A History of Surrealism
(an unfinished book project)
2024

Return to home page  Return to Projects page

Contact me


This is a project I really wanted to do, following an invitation from the legendary graphic novel/comic book editor Paul Buhle, with whom (and Sharon Rudahl, the writer) I'd worked successfully on The Bund. I was sent a contract with an American publisher that was also bringing out an academic book on Surrealism for the centenary of the movement's founding by André Breton and others in Paris in the wake of WWI.

But the more I dug into the material, I realized I couldn't present the characters without calling out their extraordinary combativeness (especially Breton's) and their attitudes toward women, who were seen as delightful sexual objects rather than serious artists, let alone serious human beings. This caused a clash and the summary cancellation of the project by the publisher. Paul Buhle stayed supportive of it.

What I was doing was not a standard graphic novel with everyone speaking in balloons on each page. It may not have been any good, I don't know. So far another publisher hasn't emerged who wants to complete the project, and we're probably too late anyway – there was an avalanche of Surrealist publishing and exhibitions in 2024. Anyway, it was fun taking it this far, and revisiting the art history I studied more than 50 years ago at UBC.

See the notes to individual pages below. And the typesetting in it would probably have been replaced with a hand-drawn font.

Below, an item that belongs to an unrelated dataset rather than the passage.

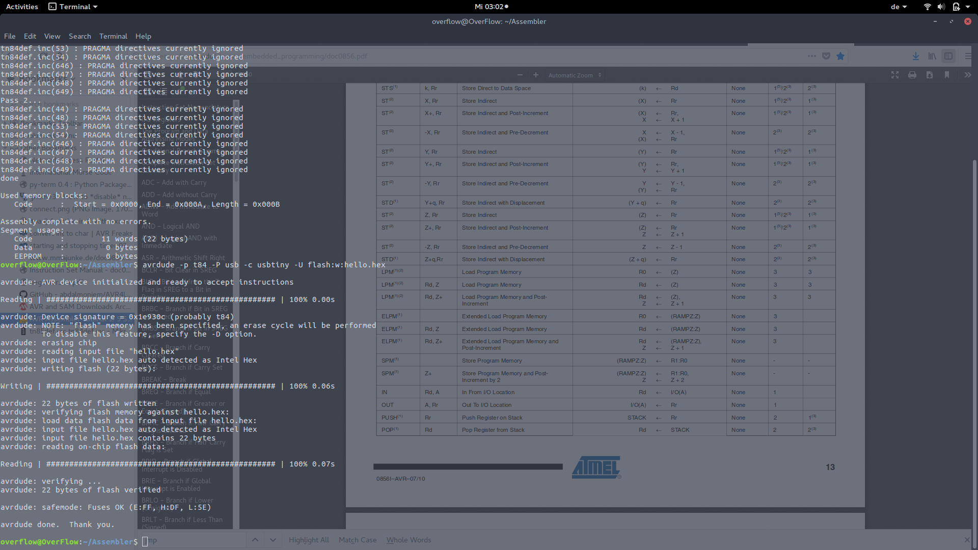 overflow@OverFlow:~/Assembler$ avrdude -p t84 -P usb -c usbtiny -U flash:w:hello.hex

At this point, the beginning of Chapter 2, I introduce my Gen Z character who is going to read and critique the book.
He would be joined a little later by a young woman friend who would also throw in opinions.
This was going to be the way to insert 21st-century critiques of the Surrealists and their attitudes, especially to women,
without it being "the narrator's point of view."
For their time, the Surrealists were remarkably non-racist; however, their Marxist politics haven't held up that well.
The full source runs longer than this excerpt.